Here is the statement of the problem
Given three points $P_1, P_2, P_3$ in space with known coordinates, a camera (pinhole camera) with known focal length is used to take an image of these three points. In the image their coordinates are $p_1 , p_2, p_3$ respectively, which are also known. I'd like to determine the position of the camera in space and its orientation with respect to the world coordinate reference frame.
My approach:
I related the world frame coordinates and the image coordinates by
$ P_i = r_0 + t_i R p_i \hspace{10pt}(1)$
where $r_0 $ is the postion of the pinhole of the camera, and $R$ is its orientation with respect to the world Cartesian frame.

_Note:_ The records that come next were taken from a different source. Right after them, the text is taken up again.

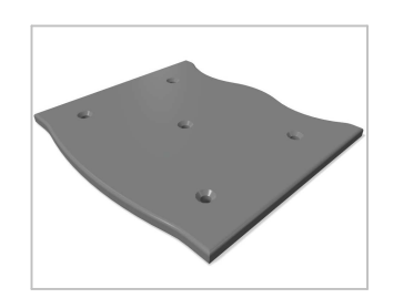
Smooth Polydek Seat

Designed to British & European Standard BS EN 1176
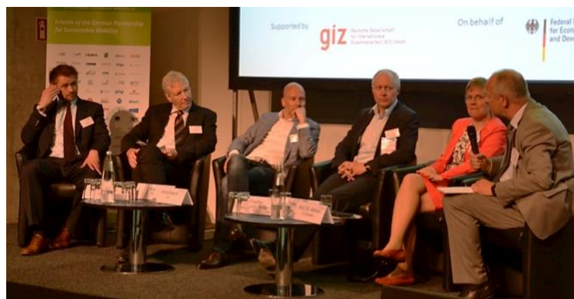
On behalf of

giz Deutsche Gesellschaft für Internationale Zusammenarbeit (giz) GmbH
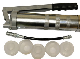
Multi Grease Gun Side Lever HOL0125

For 400g Lube-Shuttle® type cartridges. Comes with 12" Nylon Hose and 4 JAW coupler. Features a Hose Park to avoid contamination. Adapter for Lube Shuttle.
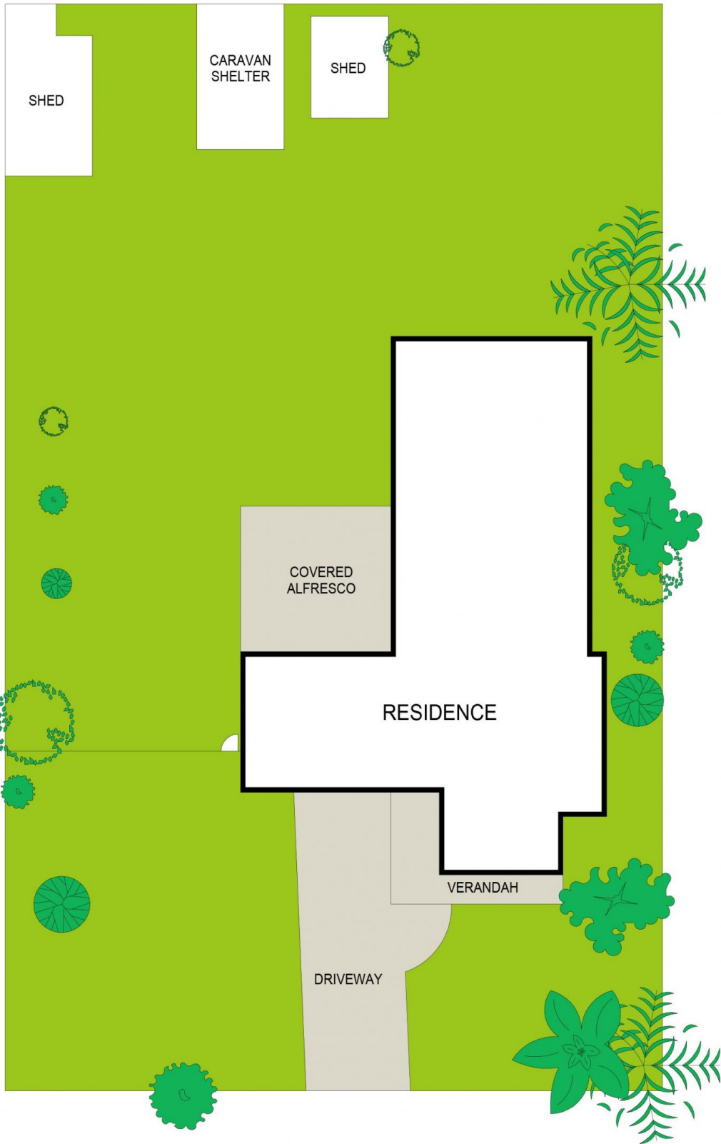
SIT PLAN (NOT TO SCALE)
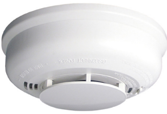
2012/24AUSI - Photoelectric Smoke Alarm with Integral Temp-3 Sounder
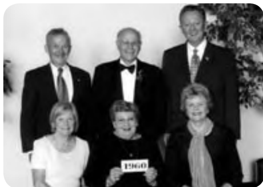
Class of 1960
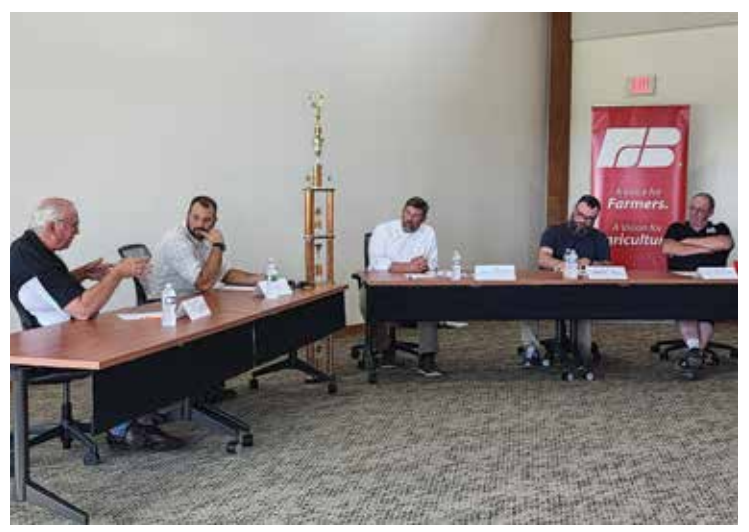
The discussion focused on the topic: "From wind to solar, alternative energy conversations have been rising to the top in many rural communities across Wisconsin. What role, if any, should Farm Bureau play in the conversations surrounding alternative energy, land use and policy to ensure that needs and wants of all members are met."

Initial discussions of this committee centered around activities and competitions that could foster and enable those who age out of YFA to continue participation and stay engaged in the Farm Bureau organization. After further discussions, the committee focused attention on hosting competitive events for those over 35 because there are currently few competitive award areas in the Farm Bureau organization for these members. The discussion meet contest was an easy way to make use of everyone's time, offer a new opportunity to those over 35 and worked well in conjunction with the D2 YFA Discussion Meet and policy development meeting. This committee is also interested in the establishment of other contest areas. The committee's goal is to continue to provide district and potentially statewide opportunities for those over 35. We hope that other districts may consider starting their own competition so we might eventually be able to hold a state contest.
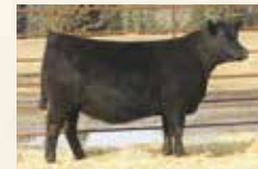
FULL SISTER TO DAM MISS WIX 0148 OF MC CUMBER
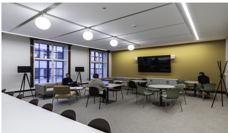
Anthropology common room L3 completed in Jan 23.

The removal of the hoist will take place in July 2024.
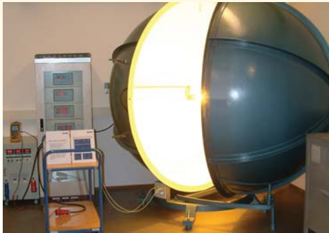
The Ulbrich Sphere can test the lumen/PAR light output of any bulb.

FOR THE LONG-TERM MAINTENANCE OF YOUR LIGHTING SYSTEM
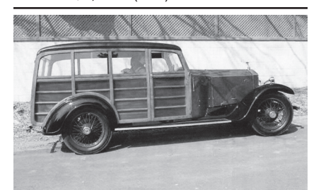
1927 ROLLS ROYCE WOODY
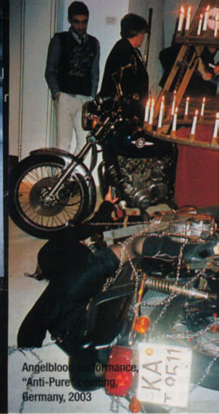
Angelblood performance, "Anti-Pure" opening, Germany, 2003
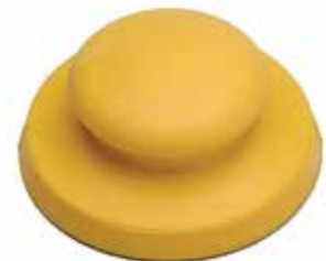
Molded Hand Block 150G Grip Faced, 5" diameter 150V Vinyl Faced, 5" diameter Packed 1 ea./1 per case
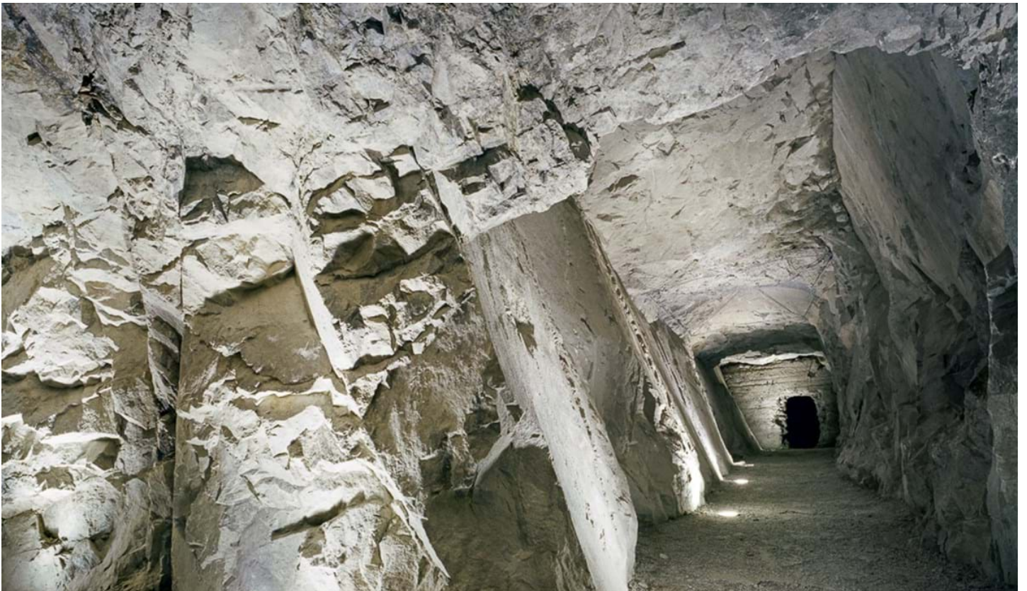
Chemollo, © Chemollo
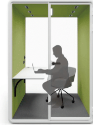
Swivel armchair + WM working table

Taking pairs of points, we can write
$P_2 - P_1 = R (t_2 p_2 - t_1 p_1) \hspace{10pt}(2)$
$P_3 - P_1 = R (t_3 p_3 - t_1 p_1) \hspace{10pt}(3)$
$P_3 - P_2 = R (t_3 p_3 - t_2 p_2) \hspace{10pt}(4)$
The left hand sides are known vectors, and the right hand contains the unknowns $t_1, t_2, t_3$ and the rotation matrix $R$. Since $R$ is a rotation matrix, it does not affect the length; therefore, we can write
$\| P_2 - P_1 \|^2 = d_{12}^2 = (t_2 p_2 - t_1 p_1)^T (t_2 p_2 - t_1 p_1)\hspace{10pt}(5) $
$\| P_3 - P_1 \|^2 = d_{13}^2 = (t_3 p_3 - t_1 p_1)^T (t_3 p_3 - t_1 p_1) \hspace{10pt}(6)$
$\| P_3 - P_2 \|^2 = d_{23}^2 = (t_3 p_3 - t_2 p_2)^T (t_3 p_3 - t_2 p_2) \hspace{10pt}(7)$
And these are three quadratic equations in $t_1, t_2, t_3$, which can be solved numerically for $t_1, t_2, t_3$.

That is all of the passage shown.